First the personalities:  If one were to use words to describe John Lennon, they would likely use terms like “a dreamer,” “out there,” “charismatic” and so forth.  Similarly, I would consider Jefferson in many ways to have been somewhat of a dreamer, perhaps a visionary of utopian government and individual freedoms without necessarily being bothered with the devil in the details.  Both championed individual liberties, yet it may be said neither necessarily lived the life of Mother Theresa to accomplish the goal.  Lennon sang, “…imagine no possessions, I wonder if you can…” and while he may have imagined it, he didn’t give up his posh Dakota apartment to feed the poor.  Similarly, Jefferson imagined individual equality and liberty, yet he did not apply it to the slaves that he owned, nor did he take action to downsize Monticello.  The evidence would suggest that neither Lennon nor Jefferson was particularly a fan of organized, formal religion, although I believe the social environment of the time permitted Lennon to be a bit more vocal.  Despite criticisms that can be applied to both Jefferson and Lennon, they both possessed an aura that inspired others and transcended their personal shortcomings allowing them to be loved and cherished by many.
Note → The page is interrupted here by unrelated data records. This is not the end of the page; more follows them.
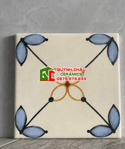 Điểm nhấn đầu tiên của mẫu gạch này nằm ở thiết kế bề mặt đầy tính nghệ thuật. Trên nền gạch màu trắng kem nhã nhặn, các họa tiết nhỏ đối xứng được phối màu khéo léo giữa sắc xanh cổ điển và nâu vàng ấm áp.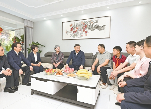 习近平来到社区居民赵守成家中,同一家人围坐在一起拉家常,了解他们的就业、收入、医保报销、孩子上学等情况,为他们的幸福生活点赞,鼓励孩子德智体美劳全面发展。赵守成告诉总书记,当地党委和政府十分关心社区建设,特别是在改造老旧小区、丰富居民文体生活等方面做了很多实事,各族群众在社区里和睦相处,生活过得很舒心。习近平强调,我们党是全心全意为人民服务的党,各族群众、家家户户都是我的牵挂。希望你们把家庭建设搞得更好,让日子越过越红火。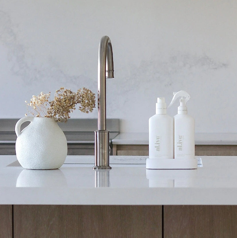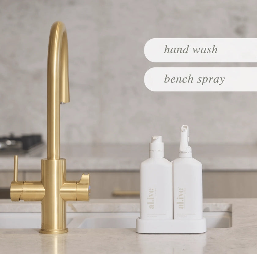 Enhance your kitchen routine with our Lemon Myrtle & Honeydew Kitchen Duo in Crisp White. This set includes our Bench Spray and Hand Wash, conveniently nestled within a beautifully designed custom tray to elevate your kitchen countertop.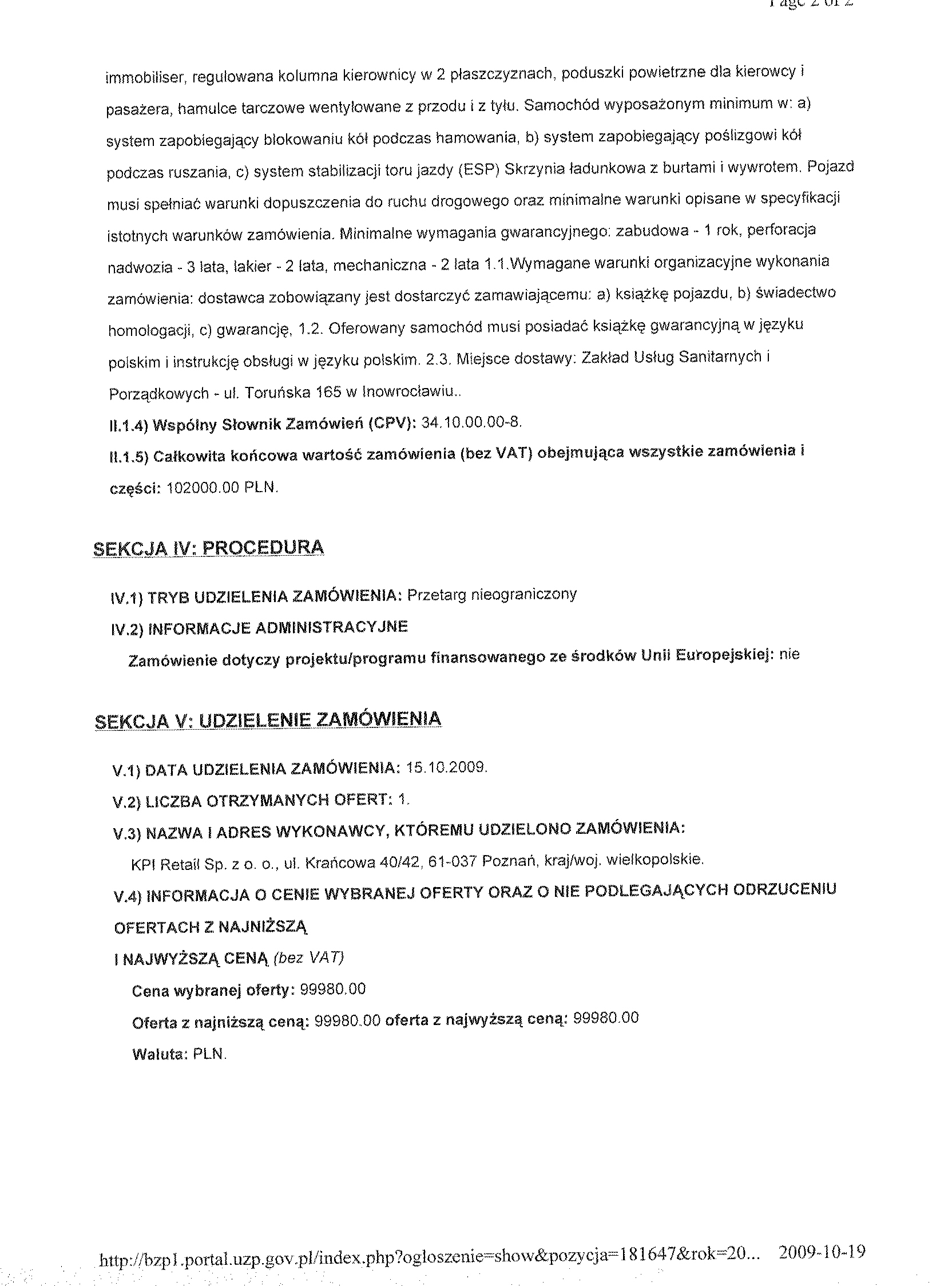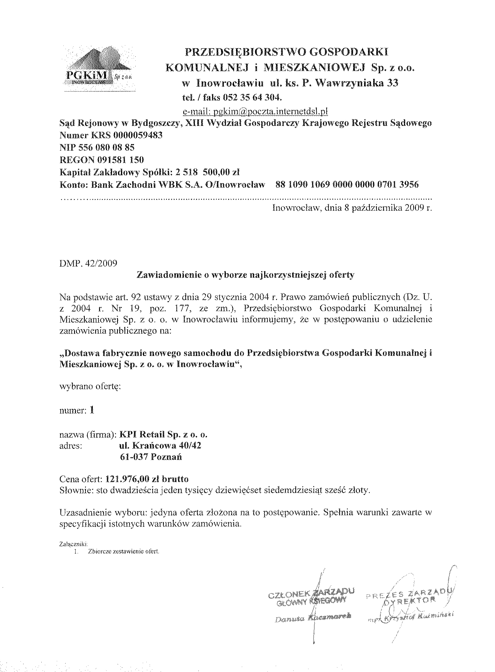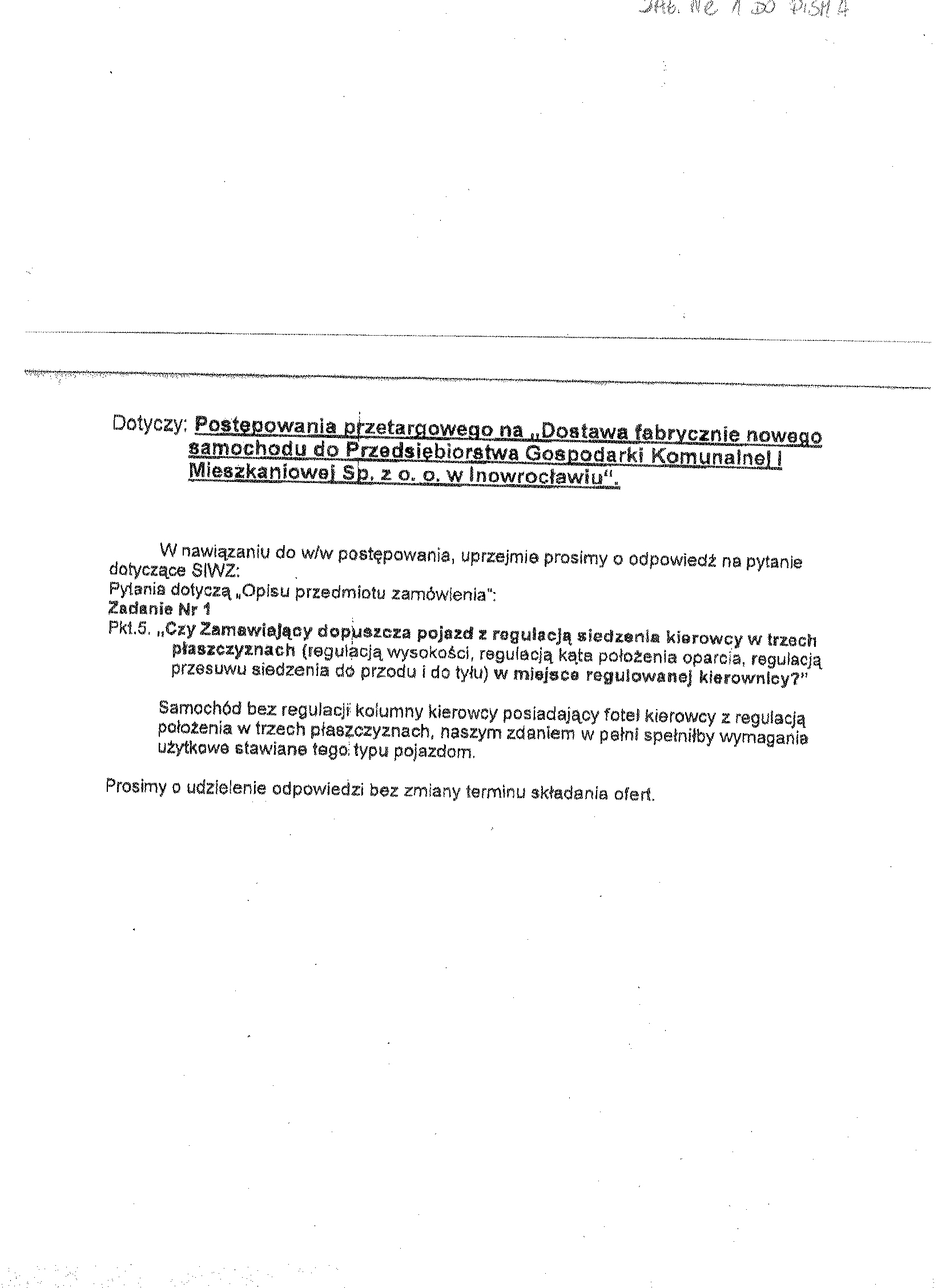 Tytu艂 post臋powania: "Dostawa fabrycznie nowego samochodu do Przedsi臋biorstwa Gospodarki Komunalnej i Mieszkaniowej Sp. z o. o. w Inowroc艂awiu |

When one thinks of John Adams, words like resolute, uncompromising, stalwart, steadfast, maybe even boring may be applied.  It may be said that Jefferson was visionary to see a big picture all at once; Adams, too, saw a big picture, but very much saw this picture as the sum of its parts.  Adams was very much into the details; he was a consummate technician.  It may be said and credited to Adams for providing the grounding necessary for the country to succeed and flourish during a very vulnerable period of transition.  Similarly, I suspect Paul provided a grounding effect for a period of time to John L and the Beatles.

Both relationships may be viewed as dynamic and ever changing.  Were John L and Paul friends?  Probably…sometimes…all things considered…in the end…  Was Adams and Jefferson friends?  Same answer.  In both cases the bond of friendship waxed and waned.  In both instances, each was an active collaborator and it may be postulated, each was important in making the other better.  In both sets of relationships, egos and jealousies arose.

I wonder today, who was the walrus of 1776?